District Judge of the Eastern District of Louisiana, sitting by Designation
Some of the numerous issues raised on appeal do not have precedential value. Local Rule 47.5 provides: "The publication of opinions that have no precedential value and merely decide particular cases on the basis of well-settled principles of law imposes needless expense on the public and burdens on the legal profession." Pursuant to that Rule, the Court has determined that non-precedential portions of this opinion should not be published. The place at which the published opinion omits part of the unpublished opinion is indicated by footnote references
Craine bases his argument on Miss.Code Ann. Secs. 19-5-1, 19-3-51 and 19-25-13. They provide, in part, as follows:
At least once in every three months, and as often as it may think proper, the board of supervisors shall examine into the state and condition of the jail, in regard to its safety, sufficiency, and accommodation of the prisoners, and from time to time take such legal measures as may best tend to secure the prisoners against escape, sickness, and infection, and have the jail cleansed. If it shall appear from such examination that the sheriff has neglected his duty in the manner of keeping the jail, or keeping and furnishing the prisoners, the board shall fine him, as for a contempt, in any sum not exceeding one hundred dollars.

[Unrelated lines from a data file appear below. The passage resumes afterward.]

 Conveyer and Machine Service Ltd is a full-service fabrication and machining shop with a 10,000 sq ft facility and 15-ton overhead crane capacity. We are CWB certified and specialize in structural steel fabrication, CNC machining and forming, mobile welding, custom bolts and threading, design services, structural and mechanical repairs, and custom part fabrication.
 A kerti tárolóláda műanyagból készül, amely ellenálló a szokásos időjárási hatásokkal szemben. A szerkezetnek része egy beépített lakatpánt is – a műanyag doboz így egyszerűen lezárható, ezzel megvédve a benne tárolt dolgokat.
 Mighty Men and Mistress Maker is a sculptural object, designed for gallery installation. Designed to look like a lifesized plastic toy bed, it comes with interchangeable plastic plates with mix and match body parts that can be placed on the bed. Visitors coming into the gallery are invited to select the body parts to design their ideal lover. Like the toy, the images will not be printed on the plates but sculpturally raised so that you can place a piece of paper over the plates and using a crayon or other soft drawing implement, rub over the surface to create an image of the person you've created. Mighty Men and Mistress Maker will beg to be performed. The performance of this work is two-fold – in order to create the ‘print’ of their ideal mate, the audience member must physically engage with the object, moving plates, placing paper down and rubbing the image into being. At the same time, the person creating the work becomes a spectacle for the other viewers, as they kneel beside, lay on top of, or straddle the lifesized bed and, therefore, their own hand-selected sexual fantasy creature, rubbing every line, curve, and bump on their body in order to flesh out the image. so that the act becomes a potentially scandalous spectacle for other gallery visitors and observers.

Miss.Code Ann. Sec. 19-5-1 (1972).
The board of supervisors shall have power to subpoena witnesses in all matters coming under its jurisdiction and to fine and imprison any person for a contempt committed while they are in session, the fine not to exceed fifty dollars, and the imprisonment not to exceed beyond the continuance of the term. The person so fined or imprisoned may appeal to the circuit court, as in other cases, from the order or judgment of the board, and such appeal shall operate as a supersedeas.
Id. Sec. 19-3-51.
The sheriff shall, at the July meeting of the board of supervisors, submit a budget of estimated expenses of his office for the ensuing fiscal year beginning October 1 in such form as shall be prescribed by the director of the state department of audit. The board shall examine this proposed budget and determine the amount to be expended by the sheriff in the performance of his duties for the fiscal year and may increase or reduce said amount as it deems necessary and proper.

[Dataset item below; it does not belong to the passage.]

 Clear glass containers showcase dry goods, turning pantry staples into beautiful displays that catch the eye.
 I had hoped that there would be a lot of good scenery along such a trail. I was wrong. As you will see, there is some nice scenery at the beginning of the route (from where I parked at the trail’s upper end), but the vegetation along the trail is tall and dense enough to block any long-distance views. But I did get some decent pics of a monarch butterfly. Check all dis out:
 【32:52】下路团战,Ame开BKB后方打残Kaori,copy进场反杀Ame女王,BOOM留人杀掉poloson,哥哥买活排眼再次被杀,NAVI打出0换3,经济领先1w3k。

Miss.Code Ann. Sec. 19-25-13 (1984 Supp.).
2, 3 See footnote **, ante.
4-6 See footnote **, ante.
The second part of the statute, which makes it an offense for any person to hold, arrest or return another to the condition of peonage, is now codified in 18 U.S.C. § 1581
See Whitner v. Davis, 410 F.2d 24, 30 (9th Cir. 1969) (assumed that district court had jurisdiction to grant relief under Sec. 1994)
Section 1581(a) provides:
Whoever holds or returns any person to a condition of peonage, or arrests any person with the intent of placing him in or returning him to a condition of peonage, shall be fined not more than $5,000 or imprisoned not more than five years, or both.